Results 1 to 16 of 16
  1. #1
    Rawdogz is offline Member
    Join Date
    Mar 2013
    Posts
    11
    Rep Power
    0

    Default Removing Certain Punctuation Char

    hi all, need a little help trying to figure out how to remove char in my input file

    the following char i have to be remove

    i. End of line characters . ? !

    ii. Separators: , : ; / \ |

    iii. Double quotes

    iv. Special characters: ^ * + = _

    v. Grouping characters ( ) { } [ ] < >

    vi. Single quotes (only if the LAST character of a token)

    the following char can not be removed
    i. Numbers

    ii. Apostrophes (for contractions or possession, like isn’t or Dave’s)

    iii. Dashes (for word conjunction, like side-by-side)
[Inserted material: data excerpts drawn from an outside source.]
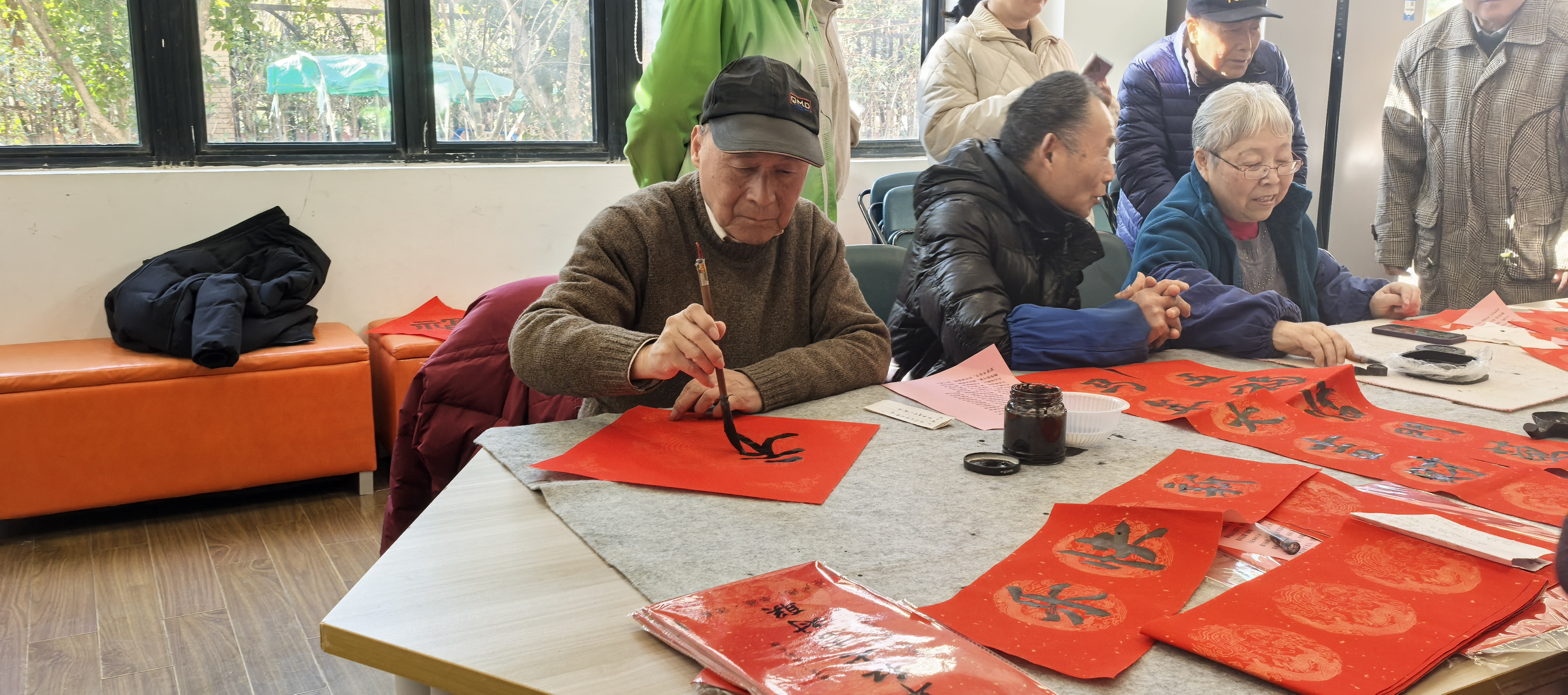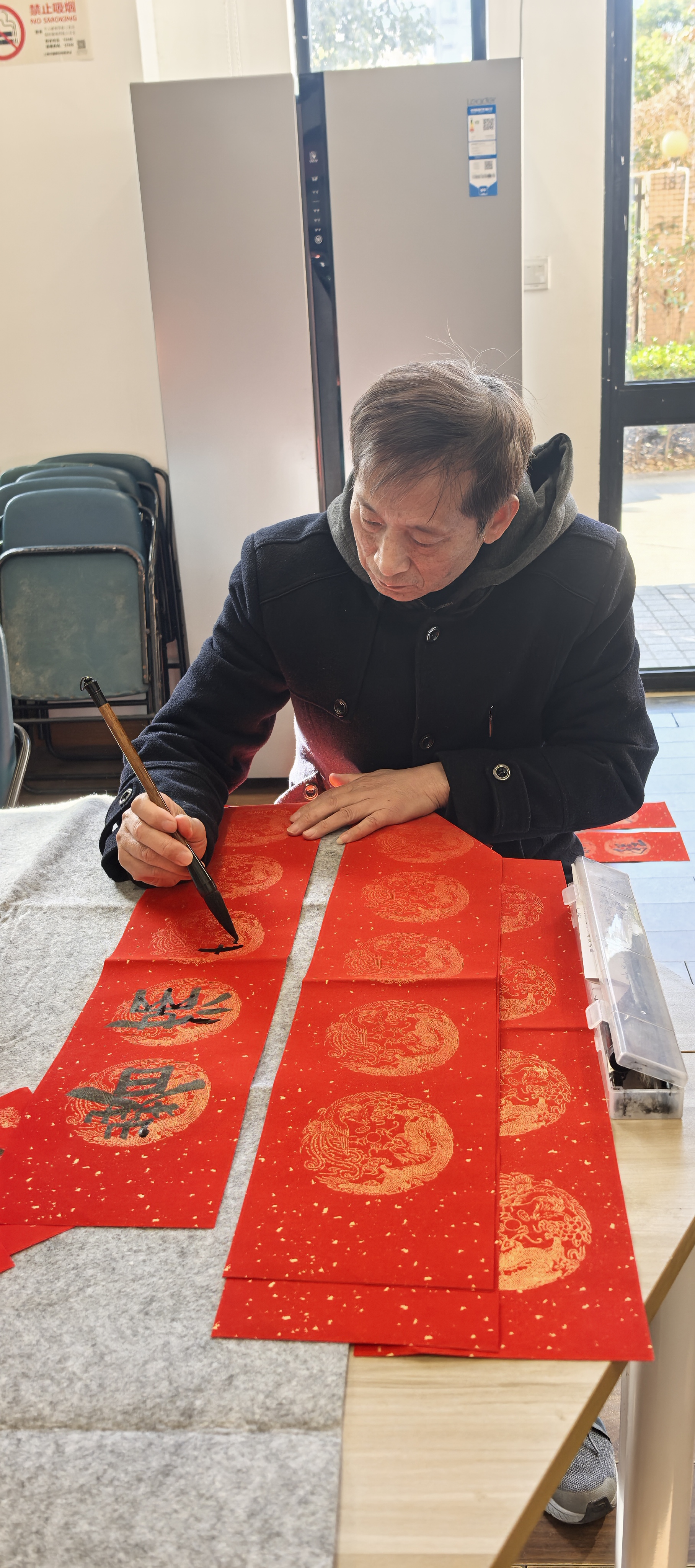 活动现场,红纸铺展、墨香四溢。书画班的成员们率先挥毫,笔走龙蛇间,一副副寓意吉祥的春联跃然纸上:“天增岁月人增寿,春满乾坤福满门”“福旺财旺运气旺,家兴人兴事业兴”……苍劲有力的字体引得居民们阵阵赞叹。
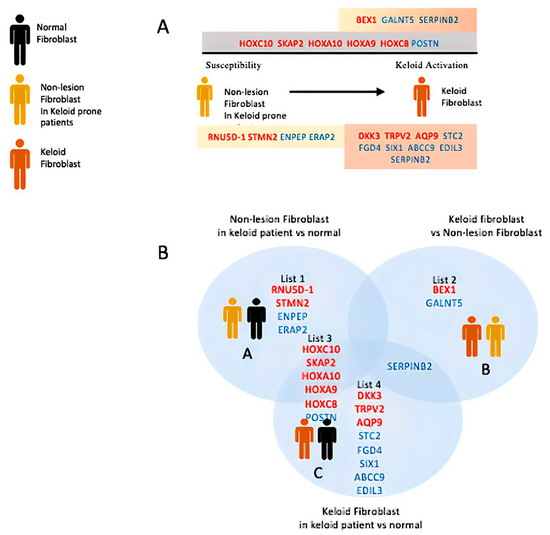 DEG of keloid, susceptible, and control. (A) The first row depicts exclusive gene expression of keloid/susceptible (list2); second gray row depicts the common underlying difference between keloid/susceptible with control (list3); and the bottom row (list1, 4) depicts the exclusive distinction of keloid/susceptible with control. (B) Venn diagram illustrating the above relationships.
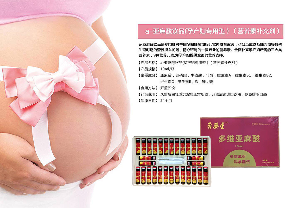 亚麻酸,卵磷脂,牛磺酸,叶酸,维生素A,维生素B1,维生素B2,维生素D,维生素E,铁,锌,碘

    iv. Special characters: @ # $ %


    from what i have researched .replace is quicker then .replaceAll and easier to use. this is what i have come up with so far

    String updated = s.replace("[,.?!]","");\\ only did the first line as a tester
    String updated2 = updated.replace("."," ");

    i am able to remove the (. and ,) but not the other char. this is what the input text says:

    This is my
    file, yes my file

    My file.???! : ||\?



    any help would be appreciated

  2. #2
    jim829 is offline Senior Member
    Join Date
    Jan 2013
    Location
    Northern Virginia, United States
    Posts
    3,534
    Rep Power
    5

    Default Re: Removing Certain Punctuation Char

    Some characters need to be escaped because they are special to the regex engine. If you are uncertain which ones, just escape them all.

    Java Code:
    String a = "[a[b?c!d,e.f]";
    String b = a.replaceAll("[\\[\\]\\?\\!\\,\\.]+","");
    System.out.println(b + " " + b.length());
    To escape them requires two backslashes. To escape say [ in a regex you need to put in a \[. But since String intercepts the first back slash for its own escape support, you need to put in two \\ to pass one to the regex engine. All the characters are put between [ ] followed by a + which means match 1 or more of any of the characters within the square brackets.

    Regards,
    Jim
    The Java™ Tutorial | SSCCE | Java Naming Conventions
    Poor planning our your part does not constitute an emergency on my part.

  3. #3
    Rawdogz is offline Member
    Join Date
    Mar 2013
    Posts
    11
    Rep Power
    0

    Default Re: Removing Certain Punctuation Char

    ahh got it, you are the person!!! :)

  4. #4
    Rawdogz is offline Member
    Join Date
    Mar 2013
    Posts
    11
    Rep Power
    0

    Default Re: Removing Certain Punctuation Char

    run into a little snag when i enter in everything, this is how i did it.


    Java Code:
    String updated = s.replace(".,?!:;/\\|^*+=_(){}[]<>");
                 String updated2 = updated.replaceAll("[\\.\\,\\?\\!\\:\\;\\/\\\\\|\\^\\*\\+\\=\\_\\(\\)\\{\\}\\[\\]\\<\\>]+"," ");
    and this is what i got

    1 error found:
    Error: Invalid escape sequence (valid ones are \b \t \n \f \r \" \' \\ )

  5. #5
    Rawdogz is offline Member
    Join Date
    Mar 2013
    Posts
    11
    Rep Power
    0

    Default Re: Removing Certain Punctuation Char

    i got it now the only one i am have problem with now it \\"

  6. #6
    jim829 is offline Senior Member
    Join Date
    Jan 2013
    Location
    Northern Virginia, United States
    Posts
    3,534
    Rep Power
    5

    Default Re: Removing Certain Punctuation Char

    To escape a slash, you need \\ but do do that try \\\\.

    Regards,
    Jim
    The Java™ Tutorial | SSCCE | Java Naming Conventions
    Poor planning our your part does not constitute an emergency on my part.

  7. #7
    kalata is offline Member
    Join Date
    Aug 2011
    Location
    Bulgaria
    Posts
    29
    Rep Power
    0

    Default Re: Removing Certain Punctuation Char

    Actually when using .replaceAll(...) the "+" at the end of the regex is not needed, also when symbols in regex are between square braces only ' [ ',' " ', ' ] ' and ' \ ' need to be escaped.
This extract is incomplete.